Truck drivers and the country’s major airlines joined with the official Opposition Saturday to criticize the Trudeau’s government’s new public health rules that will apply to international travellers, rules that were announced Friday.
One of the new rule changes would eliminate the requirement for a molecular test for COVID-19 for fully vaccinated Canadians returning from a stay of three days or less but keeps the test requirement in place for Canadians returning from longer stays and for all foreign nationals, including Americans, arriving in Canada.
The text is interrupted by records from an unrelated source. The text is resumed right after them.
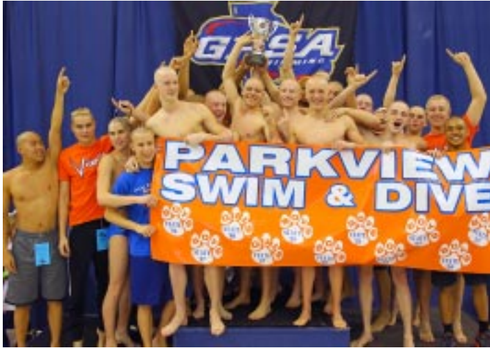
Class AAAAA Boys Champion: Parkview
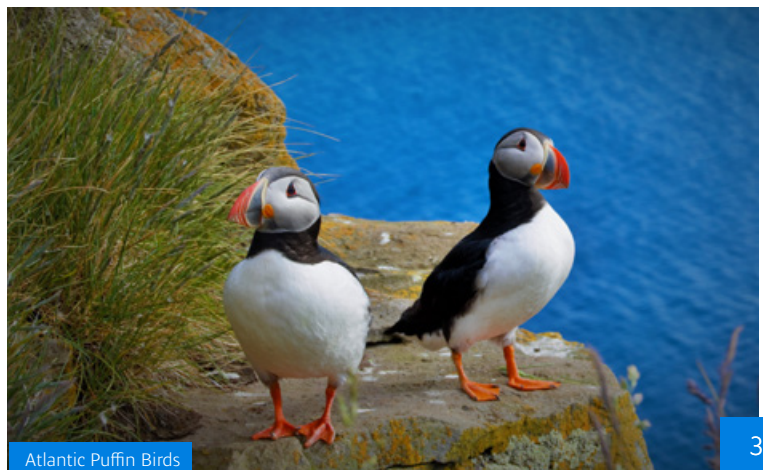
Atlantic Puffin Birds
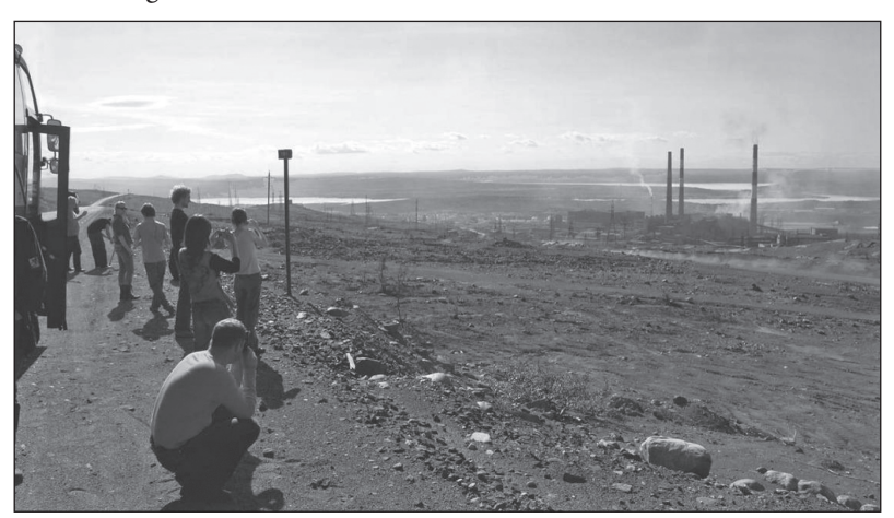
Figure 4. Photo-stop on the hill overlooking Nikel on the Kirkenes-Murmansk main road. This is the standard site for anyone in a hurry to re-enact an environmental inspection of this metallurgical combine and its surrounding wasteland

participant. In this mind-set driving by the cemeteries of Nikel mainly adds an ambiguous aura of doom.
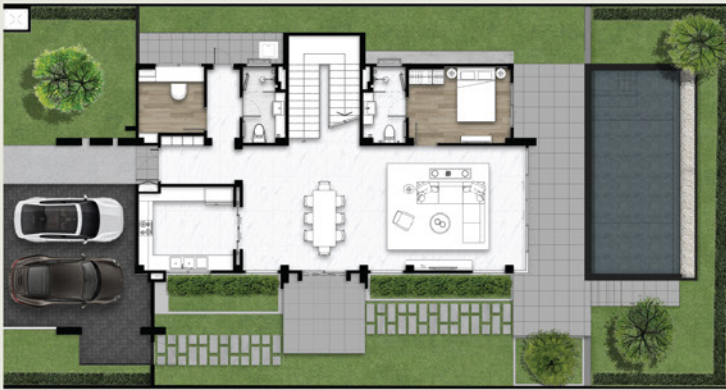
1 st Floor Plan
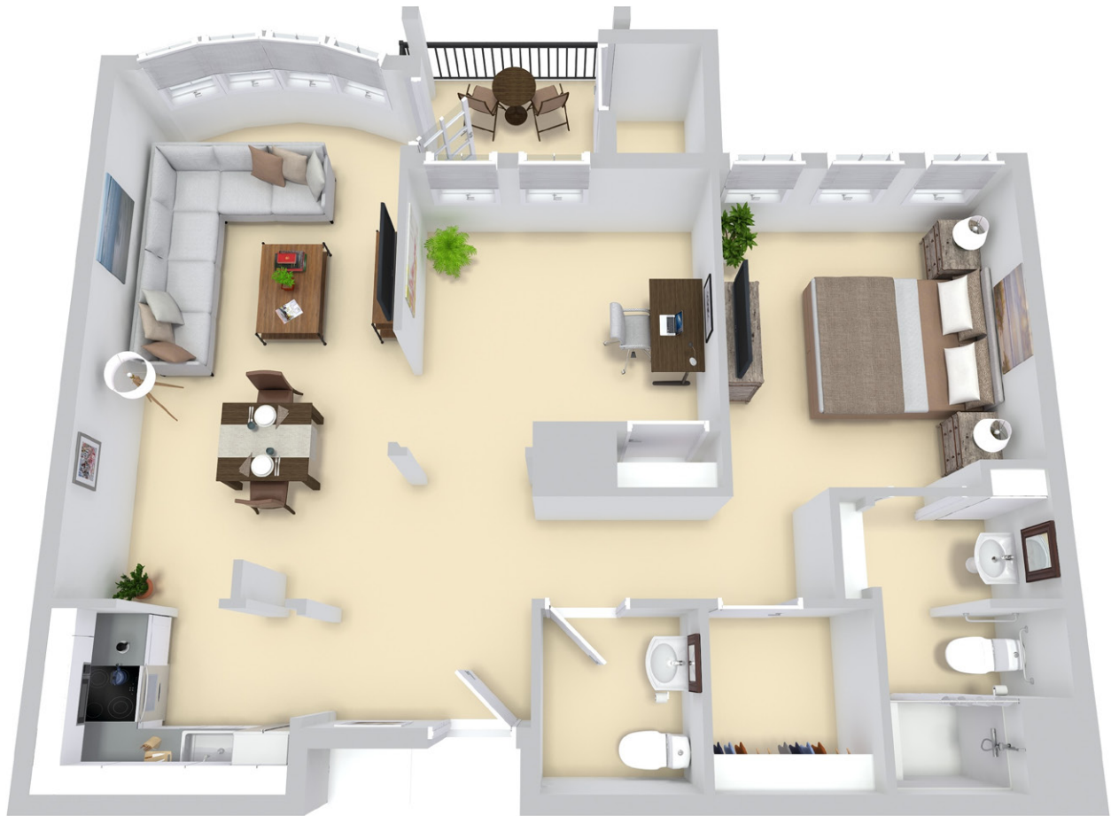
PLAN G 818 SQ. FEET
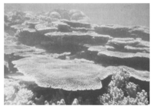
above: Philippine coral reef with Acropora coral A. White

The massive slow-growing corals such as Goniopora and Porites , which form the basic structure of the reef, are increasingly used for public buildings, particularly for airports, hotels and restaurants, despite efforts to halt this. The ornamental coral trade uses the smaller branching corals which are equally important in terms of the habitat they provide for fish and invertebrates. Throughout the early 1970s the Philippines was by far the largest exporter of such corals: exports increased from just over 200 tonnes in 1969 to over 1800 tonnes in 1976, about 60 per cent destined for the US and the rest going to Japan and Europe.<sup>22</sup> It is also the main exporter of ornamental shells, about 4000 tonnes being exported annually.<sup>23</sup> Fishermen started coral and shell collecting as a sideline to augment their meagre incomes but it became so profitable, with the rapid
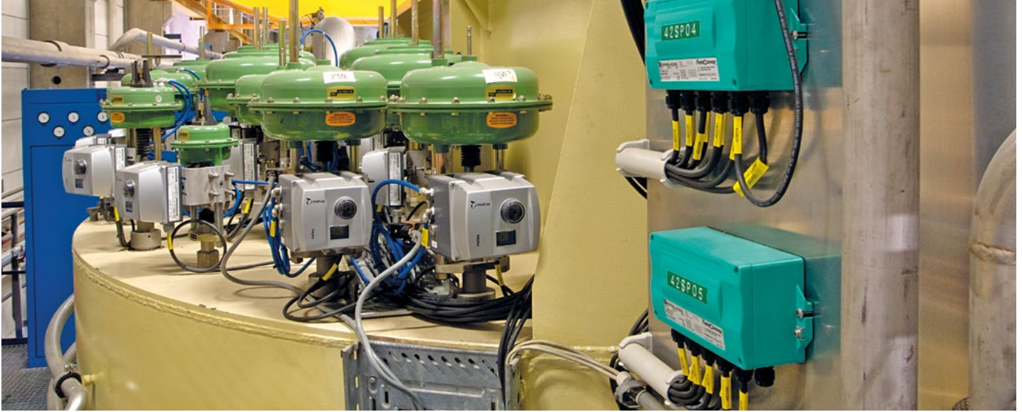
Segment Protectors with short-circuit protection for connecting devices: When working on a valve or measuring instrument, communication is protected, and with it the availability of plant operations.
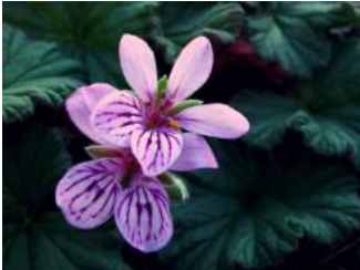
Pelargonium is used in traditional medicine. The roots of the plant are used to treat a range of respiratory infections.

François Meienberg concluded by saying that: « The Nagoya Protocol is particularly important and requires effective domestic legislation to be set up in order to put an end to the illegal sale of products. We not only need to look at patents but we should also review the products that have already been commercialised ».
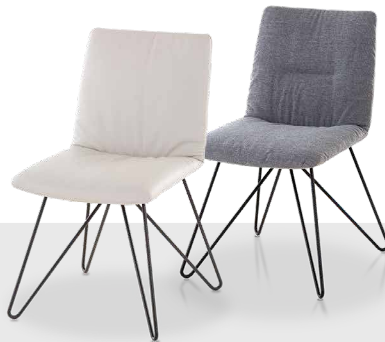
Covers: leather Z73/43 cream white and fabrics W82/22 grey
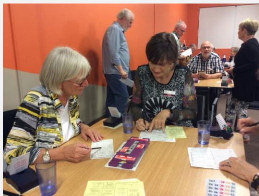
Rookies learned how to score.
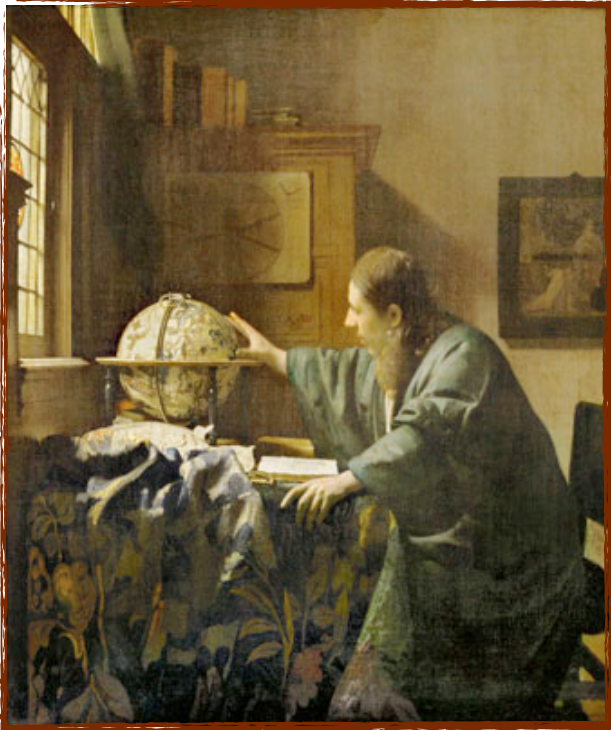
Johannes Vermeer, Dutch, 1632-1675

Venture to a virtual France to enjoy art spanning 4,000 years.
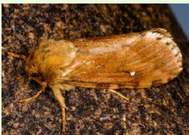
Map-winged Swift - f. gallicus - Ian White©

Overnight on 17th Ian White recorded his best catch ever from his garden in Buxton, in two years of trapping with 152/34. A Map-winged Swift , f. gallicus , Brown China-mark , Cydia fagiglandana and Pammene aurita were all new for his garden list.
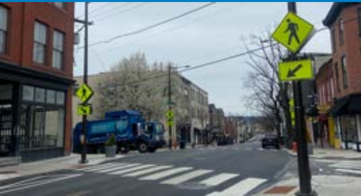
Rapid Rectangular Flashing Beacon (RRFB)
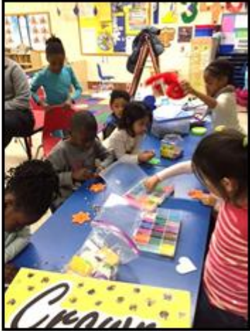
Designing with Perler beads
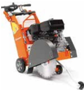
FS400 Walk Behind Saw

* Note: Compatible with all soff-cut saws
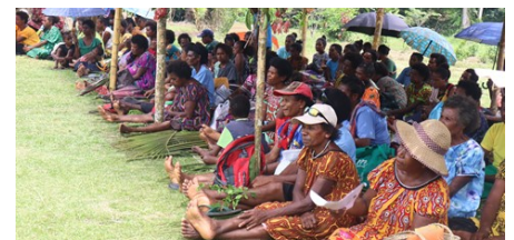
Oro partners celebrates...page 7
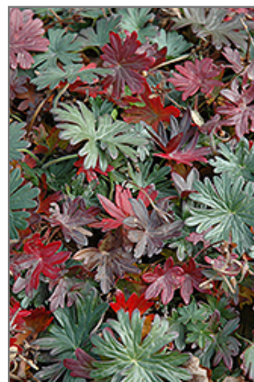
Bloody Cranesbill in fall

Bloody Cranesbill is a fine choice for the garden, but it is also a good selection for planting in outdoor pots and containers. It is often used as a 'filler' in the 'spiller-thriller-filler' container combination, providing a mass of flowers against which the thriller plants stand out. Note that when growing plants in outdoor containers and baskets, they may require more frequent waterings than they would in the yard or garden.
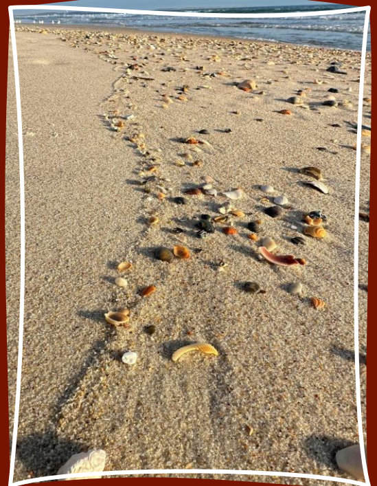
recent photo taken by Heidi Jo Hewitt Merkley

Additionally, the wrack line offers valuable insight into the health of marine environments, as changes in the composition of the wrack line can indicate shifts in ocean currents, pollution levels, and other environmental factors affecting coastal areas.

“By only focussing on short trips and Canadian travellers, government has taken a piecemeal approach that is not justified or based on science,” Canadian Airlines Council of Canada CEO Peter McNaney said in a statement. “To our knowledge, no other country in the world has adopted such a narrow approach.”
Airlines, as well as other industry lobby groups such as the Canadian Chamber of Commerce, believe the requirement for a molecular test should be eliminated for all fully vaccinated travellers. On that point, those industry groups will have an ally in the official Opposition which is expected to press the government on the new rules when the new Parliament opens next week.
“This is a half measure, and I think it’s confusing, and I think that the prime minister ought to start listening to his own expert advisory panel. Scrapping the PCR test specifically for vaccinated travellers, it’s not something that the panel ever required,” said Melissa Lantsman, the Conservative MP for Thornhill, Ont., and her party’s transport critic.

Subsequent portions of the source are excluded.